Мелкая беспрерывная партизанская война составляла основной тон школьной жизни.
Уже с раннего зимнего утра, когда в сыроватых сумерках сонно жмурились и расплывались огоньки, из длинного двухэтажного здания появлялась колченогая фигура и, оглянувшись по сторонам, ныряла в сумрак. Дитяткевич был неутомимый охотник…

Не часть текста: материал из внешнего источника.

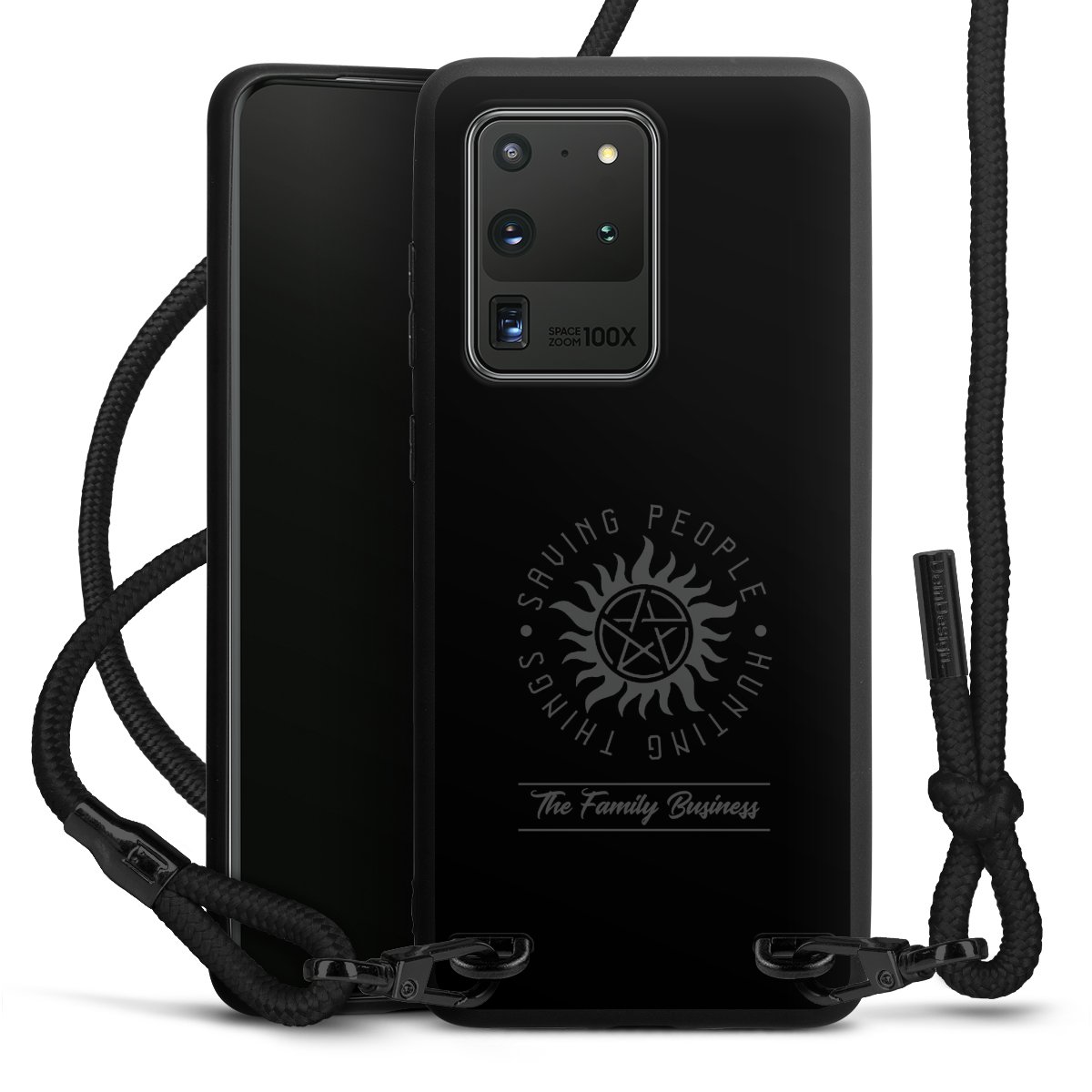 The matt black silicone case is made of flexible TPU (thermoplastic polyurethane) and offers robust protection. The durable, unbreakable material makes the cover flexible and dimensionally stable at the same time. The matte surface makes your design stand out more and is less susceptible to fingerprints and dirt. The stylish trend accessory fits comfortably in the hand and is perfectly complemented by the fabric (polyester) mobile phone strap. The braided fabric strap is approx. 1.70 metres long with a diameter of approx. 0.5 cm. Due to the special knotting technique, the length of the strap can be adjusted by simply pulling it, so that you can adapt it individually to your wishes. The practical case to wear around your neck is available with the fabric strap in black. As a little icing on the cake, we have provided the strap with a chic metal fastener in matt black. The strap is securely fastened to the case with loops made of high-quality genuine leather and press studs. The ends of the fabric strap are covered with metallic end caps and thus protected from fraying.
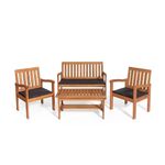 Conjunto para Jardim Robust Tecido PretoO Conjunto Robust é uma ótima escolha para complementar o seu jardim, varanda ou qualquer outra área da sua casa. Fabricado em Madeira Lyptos Grandis garante uma melhor para bem acomodar sua família e amigos nos melhores os. Com o seu acabamento em Stain fornece uma melhor qualidade ao conjunto. Para um melhor conforto e descanso acompanha almofadas com tecido impermeável para serem colocadas sobre o assento de madeira das poltronas.Especificações Técnicas:- Marca: Zanimar- Cor: Preto- Produto: Conjunto Para Jardim- Tipo: Jardim- Acabamento: Pintura em Stain- Material: Madeira Lyptos Grandis- Material das Almofadas: Tecido Impermeável- Quantidade De Lugares: 04 Lugares- Dimensões da mesa: Altura: 42,00 (cm) x Largura: 46,00 (cm) x Comnto: 85,00 (cm)- Dimensão das poltronas: Altura Total: 79,00 (cm) x Altura do Assento: 36,00 (cm) x Largura Poltrona 01 Lugar: 50,00 (cm) x Largura Poltrona 02 Lugares: 105,00 (cm) x Profundidade Assento das Poltronas: 45,00 (cm)- Resistência: 120kg- Peso do Conjunto: 35,00kg- Garantia: 03 MesesObservação: Produto enviado desmontado via transportadora (não nos responsabilizamos pela montagem do produto).

К семи часам ученики, жившие на общих квартирах, должны были сидеть за столами и готовить уроки. Исполнялось это редко, и главная прелесть незаконного утреннего сна состояла именно в сознании, что где-то, в тумане, пробираясь по деревянным кладочкам и проваливаясь с калошами в грязь, крадется ищейка Дидонус и, быть может, в эту самую минуту уже заглядывает с улицы в окно… Грязь, слякоть, дождь, зимняя метель и вьюга — ничто не останавливало неутомимого сыщика. Наоборот, в ненастье преступный сон налегает на учеников с особенной силой, и в то же время их легче застигнуть… Если, заглянув в комнату снаружи, он видел квартиру в полном порядке, то уходил разочарованный, как охотник, давший промах. В противном случае — он внезапно появлялся в дверях, веселый, с сияющими глазами, и ласковым, довольным тоном требовал «квартирный журнал». Если где-нибудь неподалеку он замечал в темноте огромную фигуру Рущевича, то охотно делал для него стойку, наводя на неисправные квартиры… Степан Яковлевич входил с торжественной мрачностью и, подобно темному обелиску, становился над постелью сонливца… До сих пор еще живо помню минуты жуткого пробуждения под его упорно-тяжелым взглядом…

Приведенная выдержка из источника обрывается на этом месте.